Ok, I’ve already done that, but some of those issues refuse to resolve, unfortunately. I guess I’m just gonna have to live with that then.
scratching my head …I guess I’m confused here. So are your 404s for posts that do exist, just for a domain that’s strange? I’m not sure that a 404 is optimal here - why not 301 (permanent redirect) the traffic to the real post, if the real post exists? @mjw , am I missing something in your assertion that they should be 404s, if there are real posts available at that slug, just at the wrong subdomain?
Yes, that was what I was thinking at first, creating a 301 to the real post instead of these weird looking domains that have been scraping my posts somehow.
When I click on a bogus link, it goes nowhere, so it’s a 404.
In the Google Search Console they’re registered as “alternate page with proper canonical tag” and no matter how many times I try to click marked as fixed on GSC, it keeps failing.
It’s been nearly 3 months now, and they still appear. I have blocked them using the removal tool, but I still have a list with thousands of weird looking links going nowhere.
Sometimes I’ve seen on Google (google.com) that my newly written post is nowhere to be found, but instead this bogus url is there, so I’d like to fix it. That is why I wondered if my regex above will work for this?
This documentation (https://ghost.org/tutorials/implementing-redirects/) shows a couple examples that include the domain name. It also says not to use redirects.yaml for subdomain redirects. So I guess I wonder where you’re hosting and what your setup is? Ghost Pro isn’t likely to route randomsub.yourdomain.tld to your Ghost site if it wasn’t set up for that subdomain. You might be able to set up the redirects you need with your DNS provider, depending on who that is.

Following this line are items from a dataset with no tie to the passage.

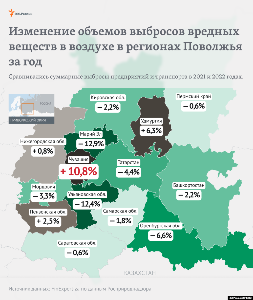 Среди регионов ПФО наиболее заметно выбросы сократились в Марий Эл — на 12,9%. Затем по этому показателю идут Ульяновская (— 12,4%) и Оренбургская области (— 6,6%).
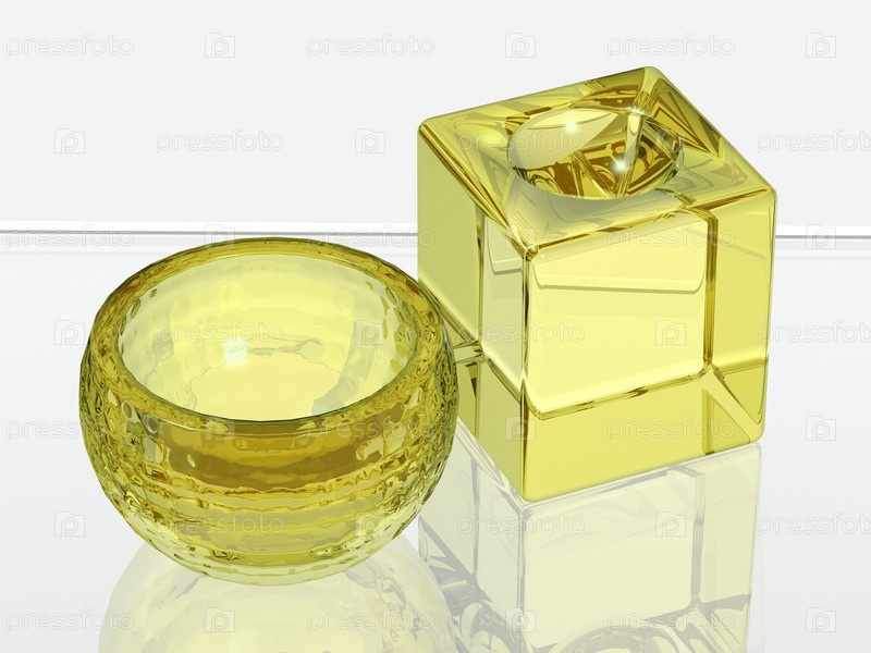 Два стеклянных объекта для спа-салона на белом
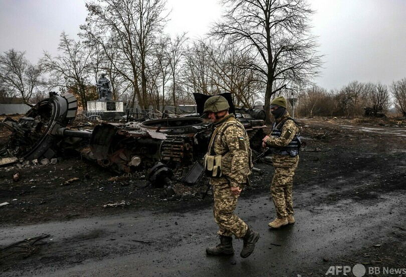 【3月31日 AFP】ウクライナの首都キエフをめぐる戦いは市周辺の村や町が舞台となっている。規模の小さな農村、ルキヤノフカ(Lukianivka)もそのうちの一つで、崩れ落ちた教会のそばには、焼け焦げた戦車と土をかけられたロシア兵の遺体が残されている。

Currently I host my domain I’m using digital ocean. I have removed my wildcard, since that was causing the whole issue to begin with. I also have my Ghost install with a DO droplet, so I selfhost.
I still had this issue when I used the wildcard, so I have no idea how I could redirect this without one.
Unless I’ve misunderstood, these URLs never existed in any form, and are spammy backlinks. So, yes, these should be 404s.
Moreover, you don’t want to legitimize these spammy links by creating a permanent redirect.
A better approach is to disavow the originating sites.
Thank you for that tip! I think that’s what I needed. Never heard about that either, disavow. Very interesting. Thanks!